### Your objective
Search the entries below for "India", and copy each line where it appears.

*** Exercise inputs

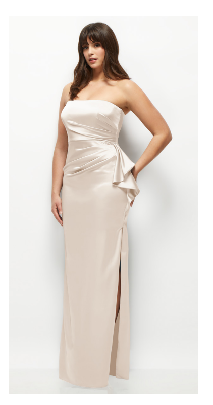
RAYNA DRESS | AFTER SIX STYLE 6894 | NEU STRETCH CHARMUESE | SAMPLED IN COLORS SAGE, AUBURN MOON, OAT
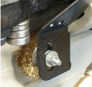
Blade Guide Wire Brush
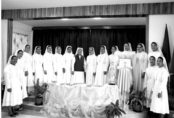
Sacred Heart Shrine, Mawlai and St. John Bosco Shrine, Sohra
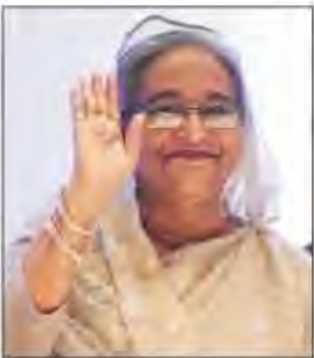
Bangladesh PM, however, said CAA and NRC are India's 'internal matters'.

During the interview in UAE's capital Abu Dhabi, where Hasina had gone on a bilateral visit last week, she said that she did not understand the purpose of the CAA passed in India, which aims
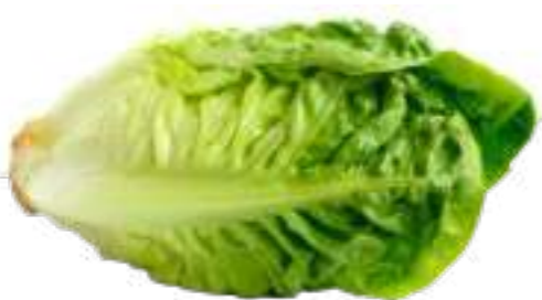
1 baby gem lettuce, leaves separated
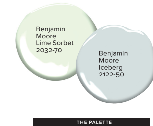
Above: Janis Nicolay

"The '80s are influencing accent colours, with pale pinks and pastel green appearing in furniture and accessories."
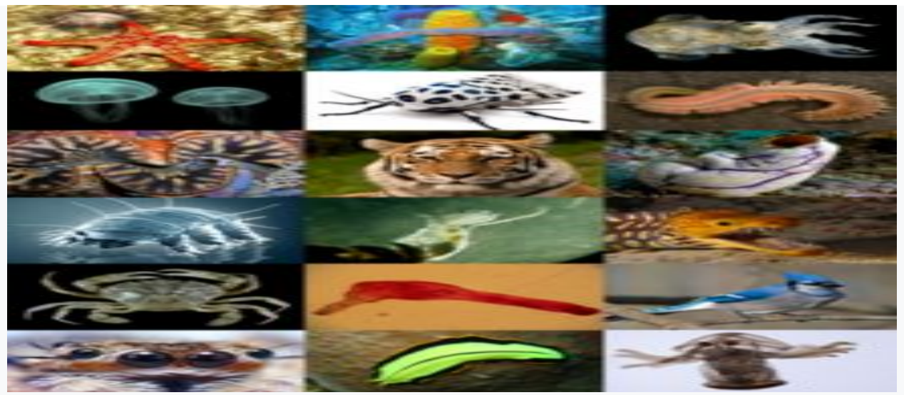
An example of the many animal species on the Earth.

******

### Answer space
Bangladesh PM, however, said CAA and NRC are India's 'internal matters'.
During the interview in UAE's capital Abu Dhabi, where Hasina had gone on a bilateral visit last week, she said that she did not understand the purpose of the CAA passed in India, which aims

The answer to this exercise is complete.